The state’s rushed plan to unwind Medicaid continuous coverage contributed to these challenges, but there were significant challenges with delayed paperwork prior to the unwinding, which will continue if state leaders fail to address this challenge. In March 2023, the month prior to the start of unwinding, 46% of Medicaid applications processed by HHSC were delayed beyond the 45-day timeline.

“Let’s be very clear: there is a health care crisis in our state that Governor Abbott and state leaders could have addressed at any point during the regular and many special sessions we’ve seen this year,” said Michelle Castillo, Deputy Director of Children’s Defense Fund – Texas.  “Texas continues to have the highest number of uninsured children in the country, a crisis now exacerbated by the end of the pandemic-era continuous Medicaid coverage. If Texas children and families have to wait for the health care they deserve, it’s because of a failure by their state leaders to prioritize their basic needs. Texas children deserve better.”


Advocates are calling on the Governor, Legislature, and HHSC to take immediate action to ensure that eligible children are able to sign up for health coverage and remain enrolled if they are still eligible. In particular, in the weeks ahead, state leaders should:

  • Take necessary steps to immediately reduce paperwork backlogs for Medicaid and SNAP applications.
  • Ensure Texas families can reach state eligibility staff. The state can address that challenge by offering evening and weekend hours at local offices and through 2-1-1, and improving the 2-1-1 call system.
  • Support community organizations that are helping Texans enroll in Medicaid.
  • Investigate why the state has such a low rate of data-driven administrative renewals (also known as ex parte renewals) that reduce paperwork by using other databases the state has on family income and other data.

In the longer term, next year and in 2025, advocates are calling on state leaders to:

  • Increase the use of data-driven administrative “ex parte” renewals.
  • Remove unintended barriers that families face when attempting to apply or renew their coverage. Specifically, invest additional funding in upgrading the technology within the Texas Medicaid eligibility system, the 2-1-1 call system, and the state’s YourTexasBenefits website and app.
  • Invest in community partners who are helping Texans enroll in Medicaid.
  • Invest additional funding in maintaining a stable, experienced workforce of state eligibility workers.
  • Pass legislation to establish an “express lane” option to enroll currently eligible children in Medicaid, with affirmative parental consent, using other state data sources on income and other eligibility criteria. During the 2023 legislative session, the Texas House overwhelmingly passed HB 1599 by Reps. Bucy, Harless, Oliversion, Jetton, and Bonnen to establish the express lane option, but it did not pass the Senate.

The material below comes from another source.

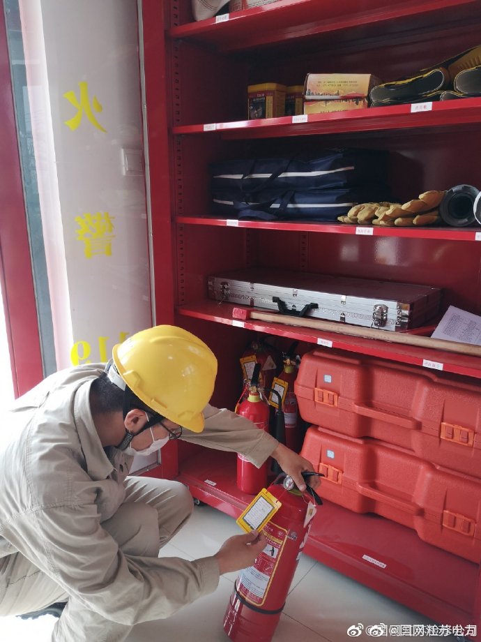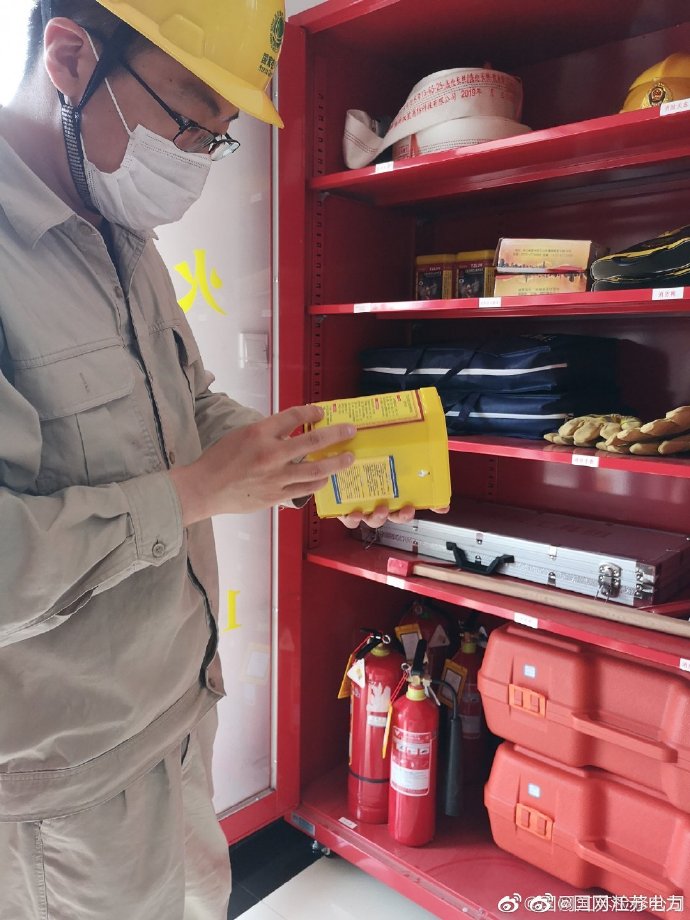 6月6日,國(guó)網(wǎng)江蘇檢修公司徐州運(yùn)維站500千伏姚湖變值班員對(duì)微型消防物資進(jìn)行全面檢查。值班員對(duì)照臺(tái)賬核對(duì)消防物資的種類和數(shù)量,仔細(xì)檢查每件消防物資的外觀、壓力值、合格期等,確保其功能正常,保障變電站消防安全。 ????
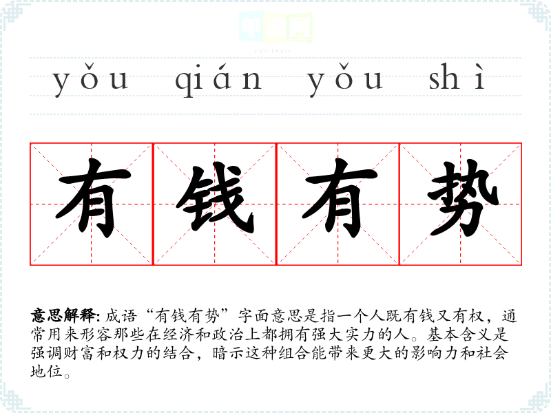 成语“有钱有势”字面意思是指一个人既有钱又有权,通常用来形容那些在经济和政治上都拥有强大实力的人。基本含义是强调财富和权力的结合,暗示这种组合能带来更大的影响力和社会地位。

The new data on Medicaid removals and delays in Texas come on the heels of a national report showing that lack of access to health insurance is a problem in many different communities across the state. The report, drawing on U.S. Census Bureau data, confirms Texas has the highest children’s uninsured rate in the nation at 10.9% in 2022, totaling 854,000 Texas kids without health insurance that year. The report reveals that numerous Texas communities have children’s uninsured rates over 10%, more than double the national rate of 5.1%, including Abilene, Beaumont, Brownsville, Dallas-Fort Worth, El Paso, Houston, Laredo, Longview, McAllen, Midland, and Waco.

Texans Care for Children, Every Texan, and Children’s Defense Fund – Texas are all members of the Cover Texas Now coalition.